The six-week Russian language course at the Higher Institute of Languages of the University of Aleppo costs 8,000 Syrian pounds ($16). Russian language centers may charge $40,000-$60,000 pounds ($80-$100) for beginning level Russian.

Hisham Eskeef, a professor of Arabic language who resides in the Aleppo countryside, told Al-Monitor that the Russian language teachers at Aleppo’s private institutes and the Higher Institute of Languages at the University of Aleppo are mostly Syrians who graduated from Russian universities with majors such as pharmacy, medicine, arts, political science and other specialties.

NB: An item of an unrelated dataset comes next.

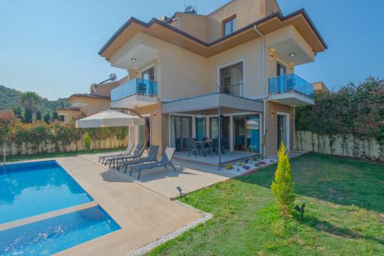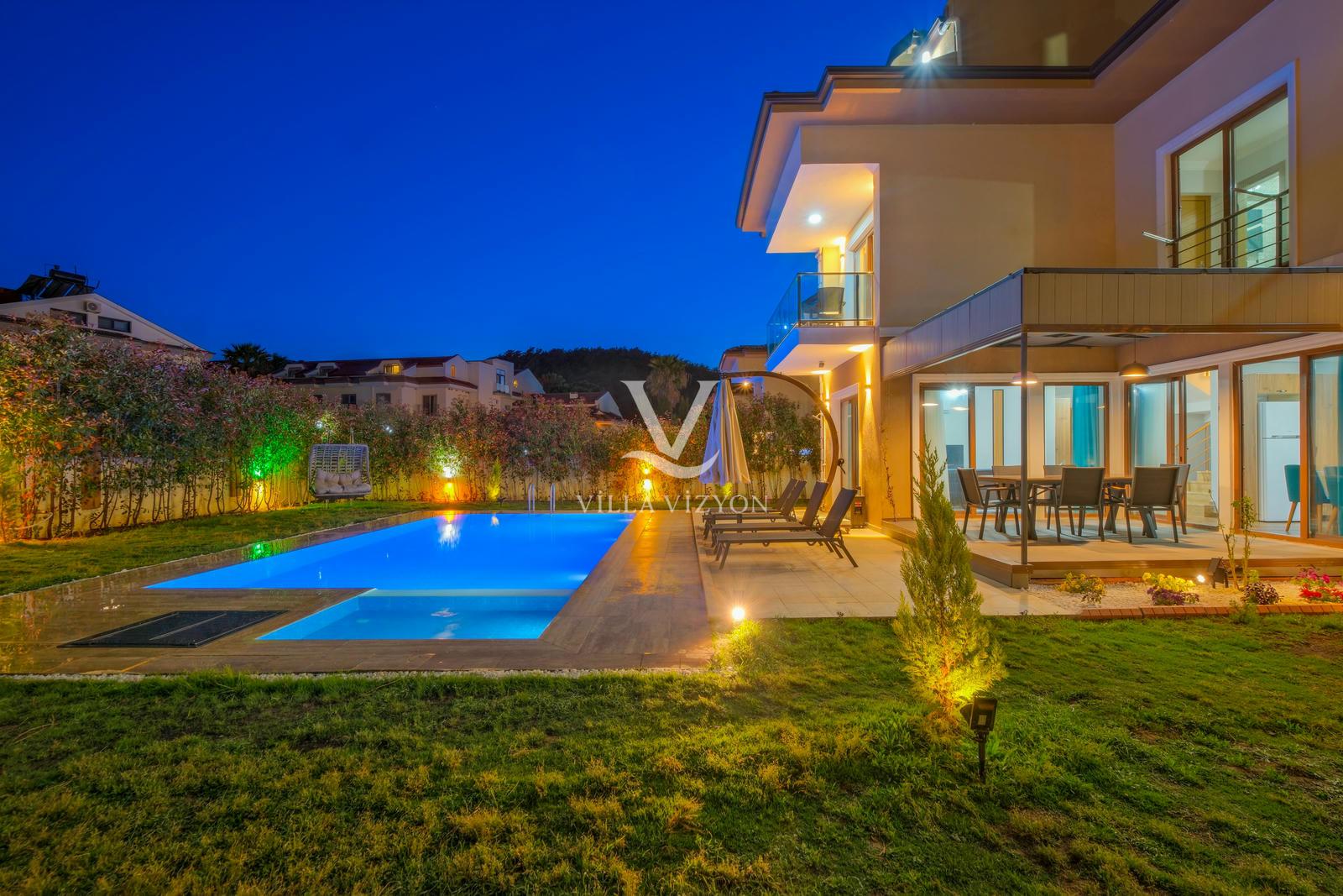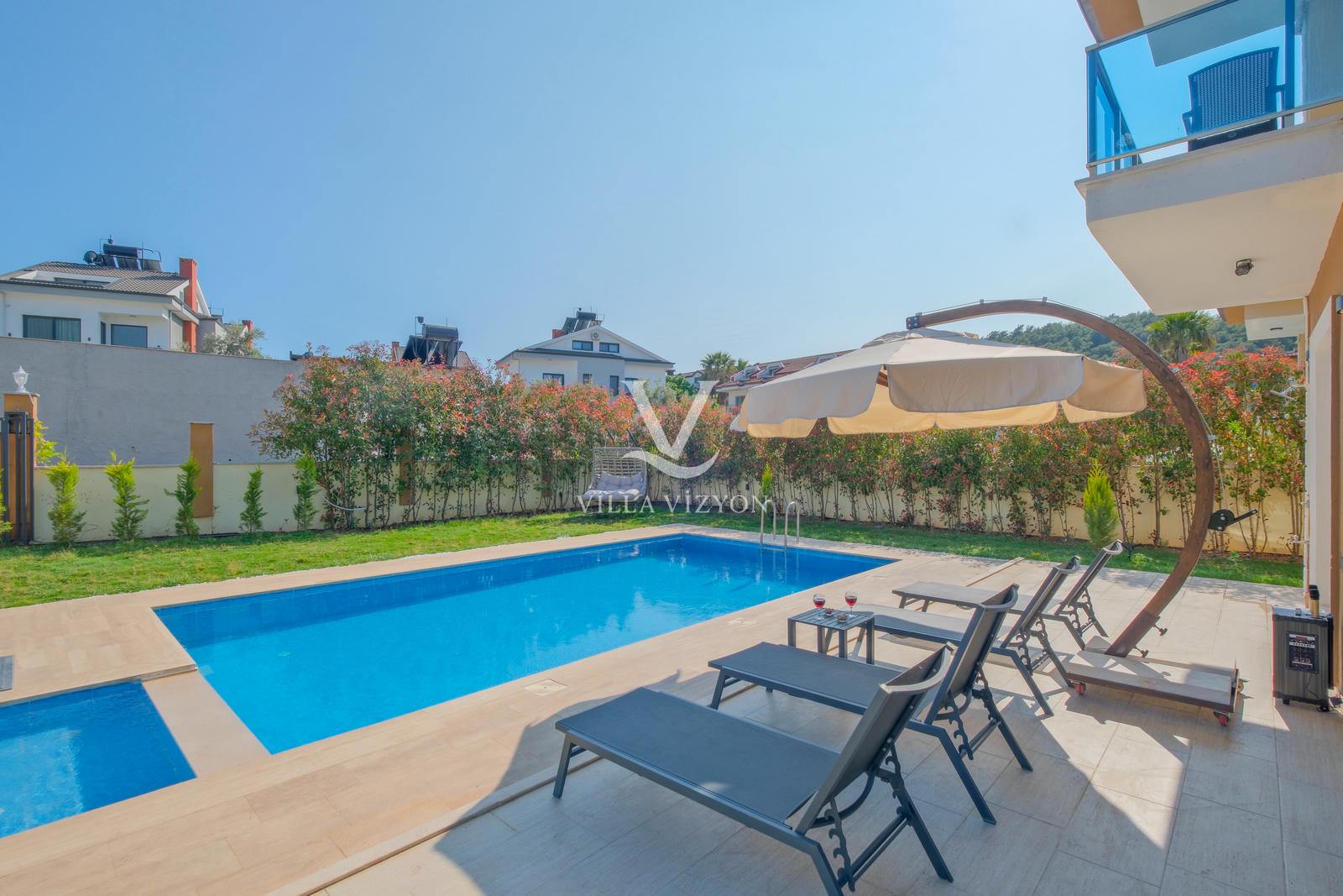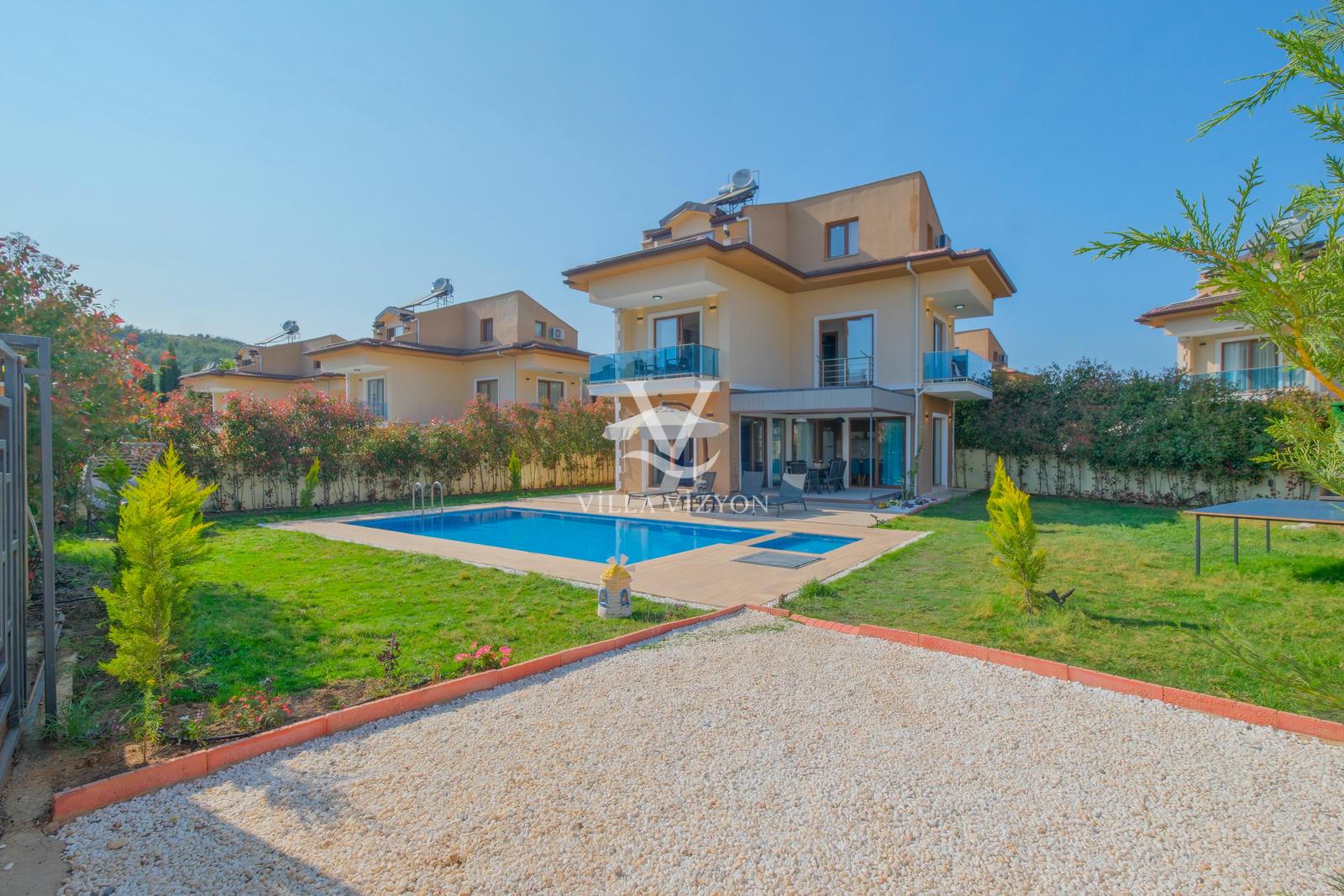 Villa Maya 3, Fethiye Hisarönü bölgesinde yer alan, 3 yatak odalı ve 6 kişi konaklama kapasitesine sahip olan tatil villamızdır. Adı gibi hayallerinizdeki villa tatilini sunan bu villamız eşsiz doğa manzarasına açılmaktadır. Geniş havuz terasında yemyeşil bahçesi, bahçe salıncağı, barbekü, yemek masası, oturma alanı bulunan villamız şık ve modern dizayn ile de eşsiz bir tatil deneyimi sunmaktadır siz değerli misafirlerimize. Villamız hem doğaiçerisinde olup hemde plaja yalnızca 3 km uzaklıkta konumlanmıştır. Villamız geniş aileler ve kalabalık arkadaş grupları için keyifli bir tatil sunmaktadır.

“I believe that the major reason behind the high demand for learning Russian and the Russian support for this cultural and educational sector come as a part of the competition with Iran,” he said. “They're both working to establish their presence in Syria via the economy, investments, military, language and culture.”

Rasheed Shikho, a former faculty member at the University of Aleppo, agreed that there is high demand for learning Russian in many Syrian provinces where the regime is in control, not only in Aleppo. “The Russians' absolute control over the state’s security, services and military sectors as well as the trade exchange is a direct reason behind that,” he told Al-Monitor.

He said that Syrian citizens in various service and commercial sectors are learning Russian to provide services, work and trade with the Russians.

“There are now Russian signs in shops and the shopkeepers across Syria have learned a few words of greeting in Russian,” he said. “University students are learning Russian, hoping to study in Russian universities and work in the ports.”

“Russia is quietly planning to remain in Syria and using culture and language as tools, exploiting the hopes of university students who dream of getting a job in Russia,” he said.